この時間は息子の遺体を発見し、救急隊員たちが慌ただしく家の中へ入ってきていた。

少し遅れて警察車両と共に複数人の警官たちも到着。


息子はまだ首を吊ったままで、私は少し声を荒らげて「早くあの子をおろしてよ!」と泣き喚いていたっけ。


先程息子の写真を前に般若心経を唱えた。

月命日くらい会いに来てくれてもいいのに…


ここ最近、どうやら更年期障害が始まったのか、やたら情緒不安定な日が続いている。

突然目頭が熱くなり涙がポロポロと溢れたり、突発的にマンションから飛び降りたくなったり、睡眠薬を飲んでも三時間程で目が覚めたり…

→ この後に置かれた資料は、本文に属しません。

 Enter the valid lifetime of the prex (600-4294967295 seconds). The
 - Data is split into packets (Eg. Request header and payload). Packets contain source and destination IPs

実家から持ってきた息子の遺品が入っている箱を開けてみる。

乳白色の小さな乳歯、生前愛用していたDIESELの財布、学生証、ゲーム機、携帯電話、臍の緒…

どれに対しても愛着しかない。


会いたい。

私の願いはたった一つ。

会って思い切り抱きしめたい。

そして二度と離さない。


データフォルダの中の幼かった頃の写真はどれも満面の笑みを浮かべていて、まさか15歳という若さでこの世を去るなんて、しかも自らの意思で...


遺書がない自死。

私はどう解釈すればいいのか?

一体誰を責めれば気が済むのか?


狭いワンルームマンションで、冷えた弁当を食べながら生きる意味を考える。


いつ死んでもいい。

でも自死だけは老いた母を悲しませるからしてはいけない。

早く癌にでもなればいいのに。

病死なら寿命だから仕方ない。

誰からも責められる謂れは無い。


私は今49歳。

あと何年生きるんだろう。

毎日苦しい。

数日前に初めてODをしてしまった。

睡眠薬なんかで死にはしない事くらいわかっているけど、とにかく寝逃げをして時間の早送りをしたかった。

目が覚めても何も変わっていないのにな。


今日は花を買いに行こう。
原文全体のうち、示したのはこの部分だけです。